◆ Exercise ◆
This calls for a word-for-word copy of all the data, with each picture removed.

◆ Given information ◆
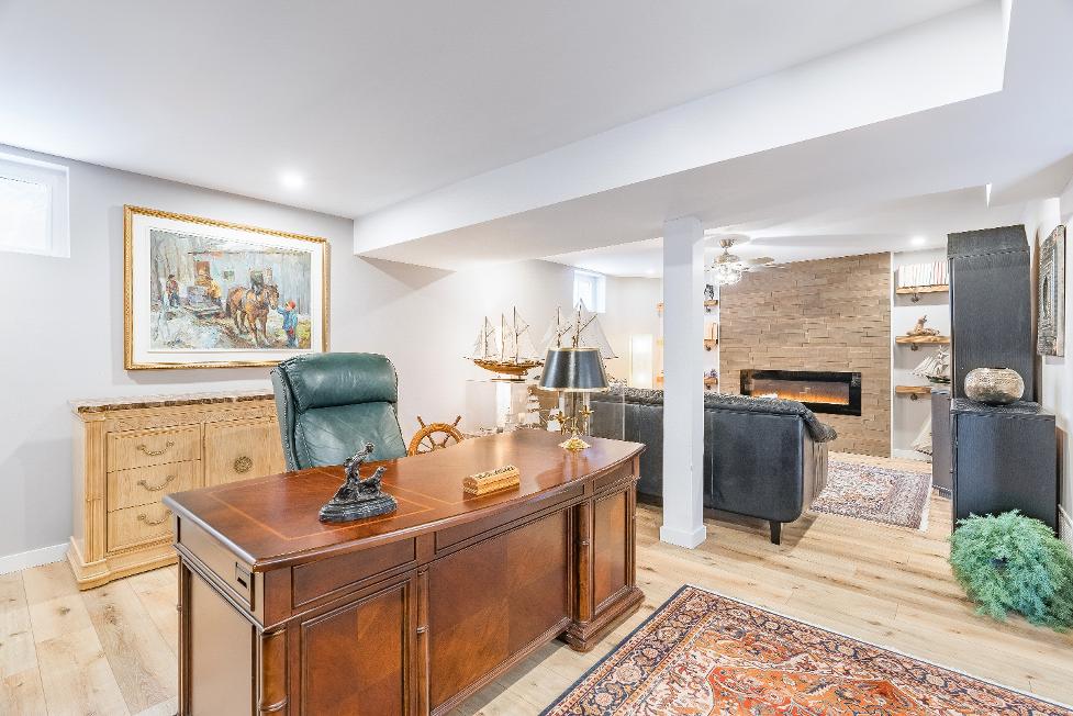 Thewalk-out lowerlevelisanything but secondary,featuring abundant naturallight and direct accessto the backyard,completewith a kitchen,living area,dining space,currentlyused asan office,a spaciousbedroom,and a fullbathroom,offering an ideallayout forextended familyguestsorelevated entertaining
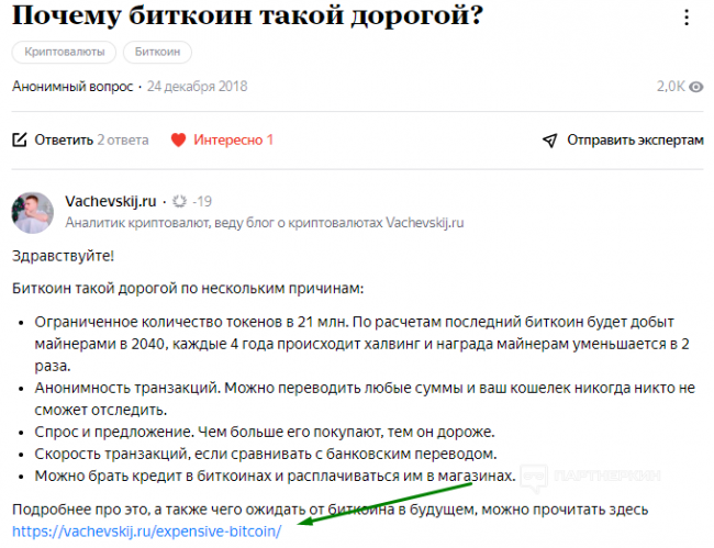 Дальше переходим на страницу, даем ответ и вставляем ссылку на свой ресурс. Но очень важно дать качественный и объемный ответ (чем больше текста, тем ответ будет находиться выше, и вы получите больше кликов). За интересный ответ вам будут ставить лайки другие пользователи, и со временем ваш комментарий, возможно, переместится в раздел «Лучший ответ» и вы будете получать трафик каждый день:
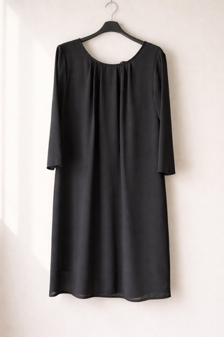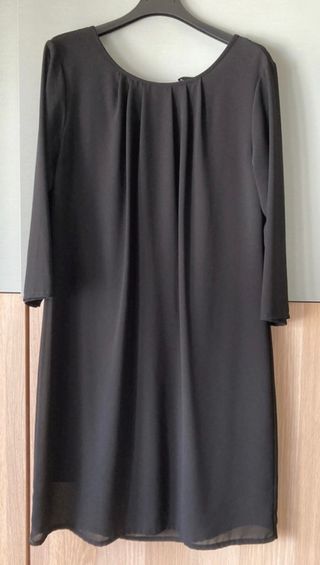 Vendo abito nero a maniche 3/4, linea dritta e stile minimal chic, ideale per ogni occasione: dall’ufficio a un aperitivo serale. 🔹 Brand: Kontatto 🔹 Taglia: M 🔹 Materiale: 100% poliestere (strato esterno), 95% viscosa, 5% elastane 🔹 Colore: Nero 🔹 Dettagli: scollo rotondo, pieghe leggere sul davanti, tessuto fluido con fodera interna. Chiusura posteriore con bottoncino 🔹 Maniche: 3/4 🔹 Condizioni: ottime, indossato un paio di volte ✨ Un classico intramontabile da abbinare con tacchi per un look elegante o con sneakers per uno stile casual e moderno.

◆ Reply ◆
 Thewalk-out lowerlevelisanything but secondary,featuring abundant naturallight and direct accessto the backyard,completewith a kitchen,living area,dining space,currentlyused asan office,a spaciousbedroom,and a fullbathroom,offering an ideallayout forextended familyguestsorelevated entertaining
 Дальше переходим на страницу, даем ответ и вставляем ссылку на свой ресурс. Но очень важно дать качественный и объемный ответ (чем больше текста, тем ответ будет находиться выше, и вы получите больше кликов). За интересный ответ вам будут ставить лайки другие пользователи, и со временем ваш комментарий, возможно, переместится в раздел «Лучший ответ» и вы будете получать трафик каждый день:
 Vendo abito nero a maniche 3/4, linea dritta e stile minimal chic, ideale per ogni occasione: dall’ufficio a un aperitivo serale. 🔹 Brand: Kontatto 🔹 Taglia: M 🔹 Materiale: 100% poliestere (strato esterno), 95% viscosa, 5% elastane 🔹 Colore: Nero 🔹 Dettagli: scollo rotondo, pieghe leggere sul davanti, tessuto fluido con fodera interna. Chiusura posteriore con bottoncino 🔹 Maniche: 3/4 🔹 Condizioni: ottime, indossato un paio di volte ✨ Un classico intramontabile da abbinare con tacchi per un look elegante o con sneakers per uno stile casual e moderno.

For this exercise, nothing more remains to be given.